Data for analysis:
++++++++++

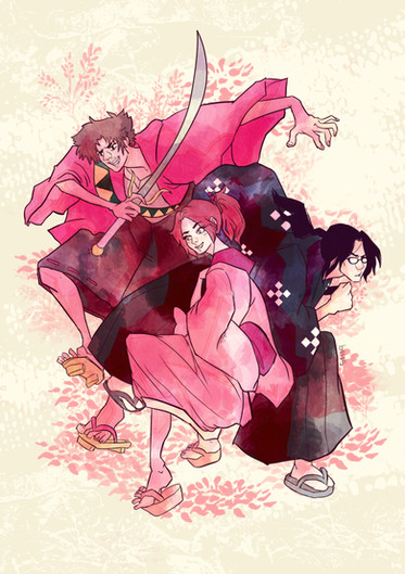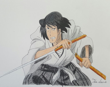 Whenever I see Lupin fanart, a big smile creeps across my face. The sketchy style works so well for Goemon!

++++++++++

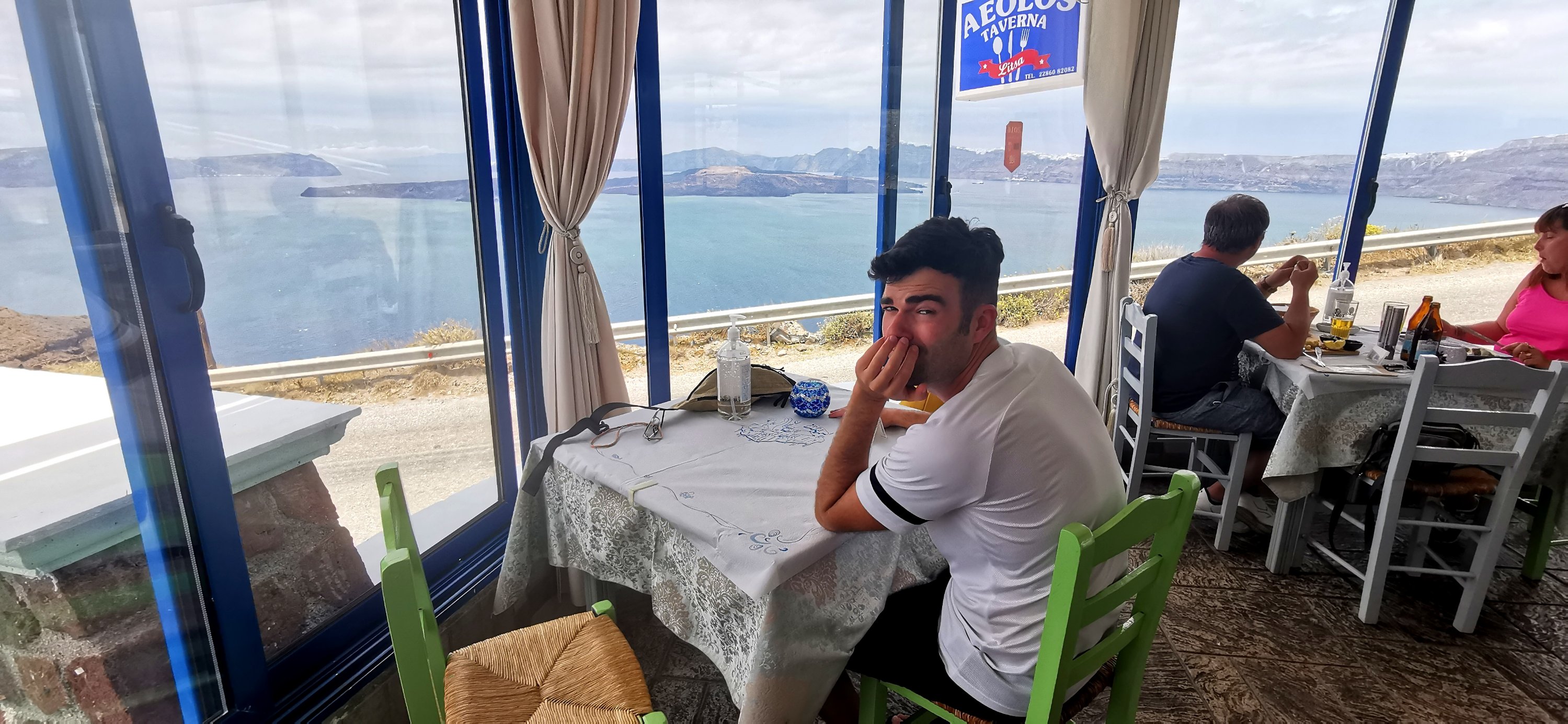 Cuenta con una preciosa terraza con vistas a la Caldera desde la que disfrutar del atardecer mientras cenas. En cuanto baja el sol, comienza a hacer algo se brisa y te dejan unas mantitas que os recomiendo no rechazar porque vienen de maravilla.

++++++++++

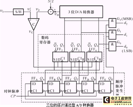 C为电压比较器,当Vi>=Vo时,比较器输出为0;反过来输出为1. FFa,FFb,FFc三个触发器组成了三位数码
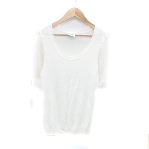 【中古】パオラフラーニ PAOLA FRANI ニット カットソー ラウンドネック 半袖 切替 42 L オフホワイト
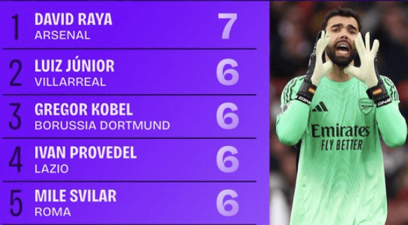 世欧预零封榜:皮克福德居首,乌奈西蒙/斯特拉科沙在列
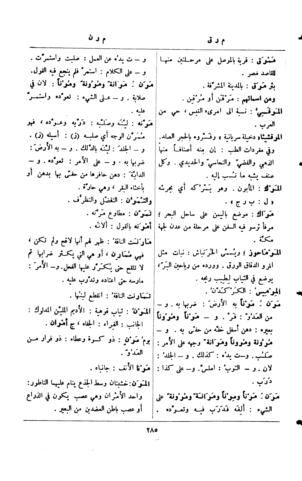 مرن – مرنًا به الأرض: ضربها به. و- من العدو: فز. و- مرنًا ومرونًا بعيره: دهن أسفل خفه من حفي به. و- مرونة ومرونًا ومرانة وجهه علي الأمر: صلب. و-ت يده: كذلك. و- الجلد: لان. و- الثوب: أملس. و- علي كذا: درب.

++++++++++

Task description: Given the entries above, transcribe exactly the lines from the one holding "世欧预零封榜:皮克福德居首,乌奈西蒙/斯特拉科沙在列" through the one holding "مرن – مرنًا"; pictures do not belong in the transcription.

Task answer:
 世欧预零封榜:皮克福德居首,乌奈西蒙/斯特拉科沙在列
 مرن – مرنًا به الأرض: ضربها به. و- من العدو: فز. و- مرنًا ومرونًا بعيره: دهن أسفل خفه من حفي به. و- مرونة ومرونًا ومرانة وجهه علي الأمر: صلب. و-ت يده: كذلك. و- الجلد: لان. و- الثوب: أملس. و- علي كذا: درب.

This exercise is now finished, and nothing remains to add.